Pemantik operasi militer Israel itu adalah kasus penculikan tiga remaja Israel—Naftali Frenkel, Gilad Shaer, dan Eyal Yifrah—pada 2 Juni 2014 di Gush Etzion, Tepi Barat. Ketiganya ditemukan tewas pada 30 Juni. Sehari kemudian, Perdana Menteri Israel Benjamin Netanyahu melancarkan Operation Brother's Keeper, yang dalam dua hari saja menewaskan 11 warga Palestina dan menangkap hampir semua pemimpin Hamas di Tepi Barat.
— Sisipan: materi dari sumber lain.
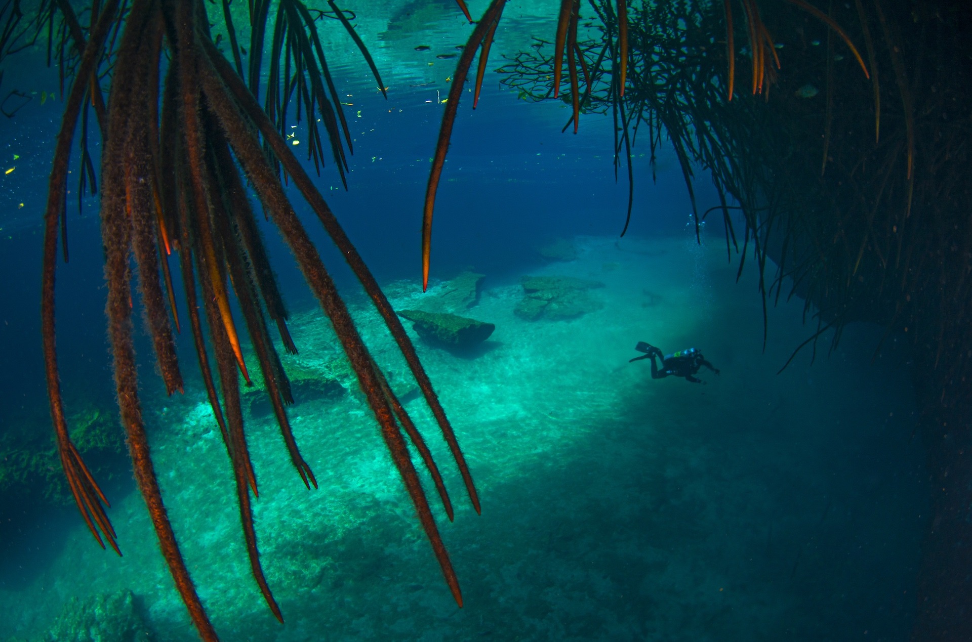 Even those who don’t dive can enjoy the lucent beauty of the cenotes as shafts of light pass through the transparent blue waters. Those who do dive can experience stalactites, stalagmites, pillars, unique underwater vegetation and mangroves, freshwater and saltwater separated by turgid haze. The cenotes are truly a world of their own.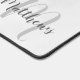 featuring personalized name in grey modern script font style and monogram in light grey modern script font style as background,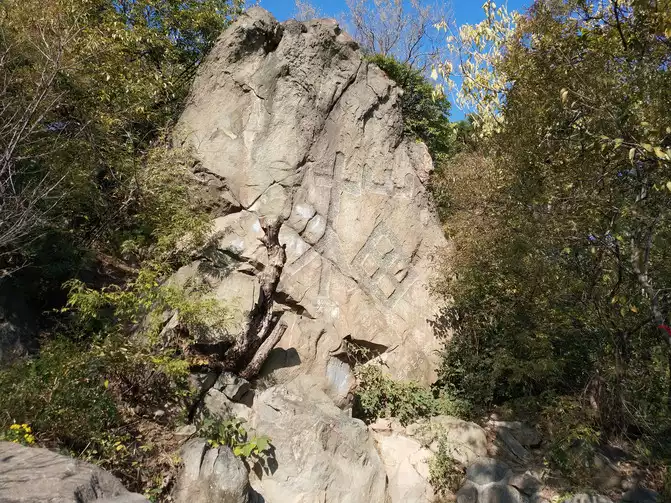 In the middle of the mountain, I saw the place where Mr. Mei Lanfang used to play. A huge plum character was carved on the rock, with two small characters Lanfang below.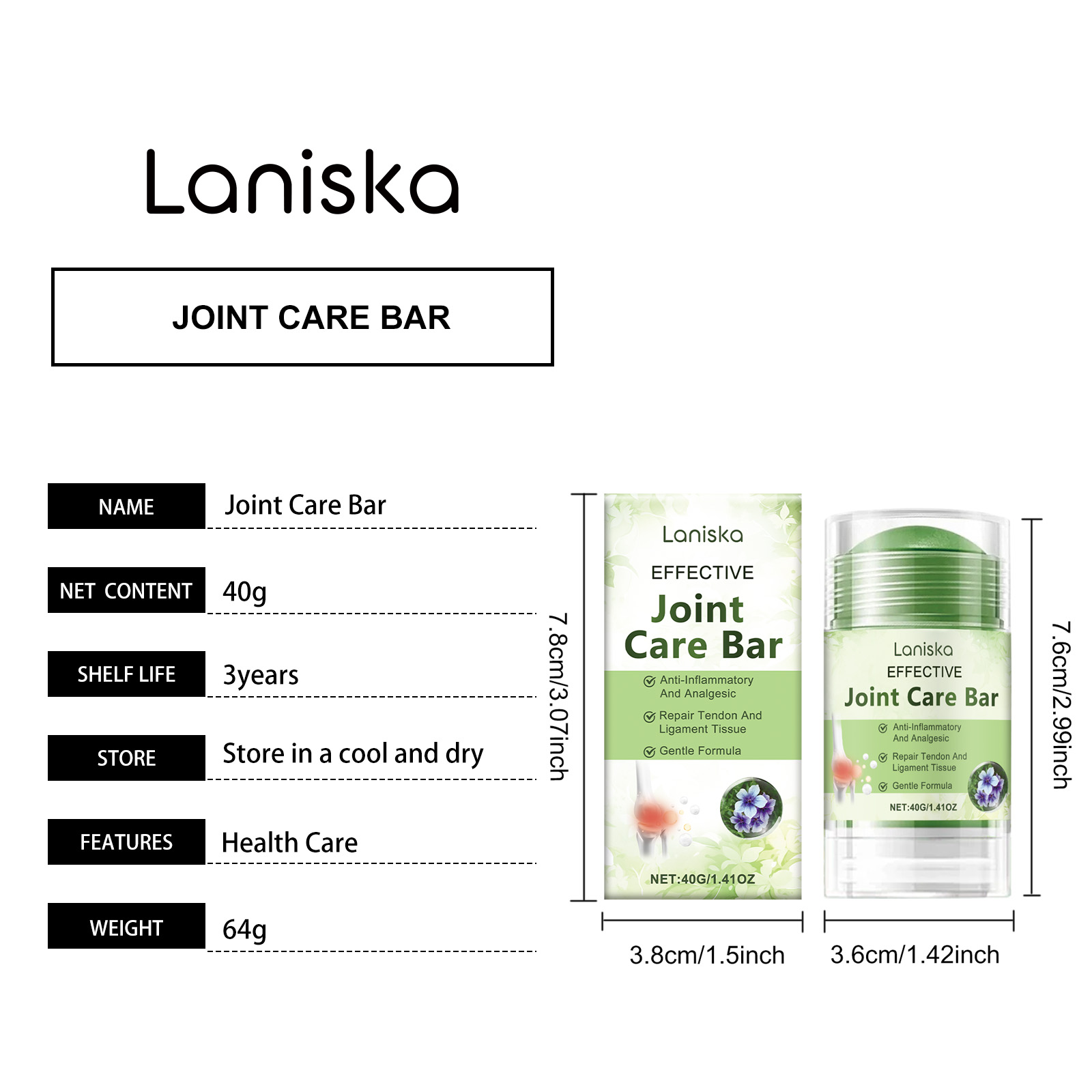 Laniska Joint Care Stick Gently Nourishes Knees And Soothes Shoulder And Back Discomfort With Daily Portable Application

Hamas membalas dengan menembakkan roket ke Israel, yang dijawab dengan 80 serangan udara Israel ke Gaza.
Puncaknya, 8 Juli tahun itu, Israel melancarkan operasi militer dengan menembakkan artileri dan mengebom 50 sasaran di Gaza, daerah yang dihuni sekitar 1,8 juta jiwa. Hamas membalasnya dengan tembakan roket. Aksi saling bom ini berhenti setelah ada proposal gencatan senjata yang disodorkan Mesir pada 14 Juli. Tapi masa damai itu tak berlangsung lama.
Israel mempersiapkan operasi serangan darat, melalui Shuja'iyya, setelah ada serangan militan Hamas dari sebuah terowongan di sisi Israel yang berasal dari Gaza. Alasannya, selain untuk menghancurkan terowongan, karena lebih dari 140 roket yang ditembakkan ke Israel berasal dari distrik ini sejak 8 Juli.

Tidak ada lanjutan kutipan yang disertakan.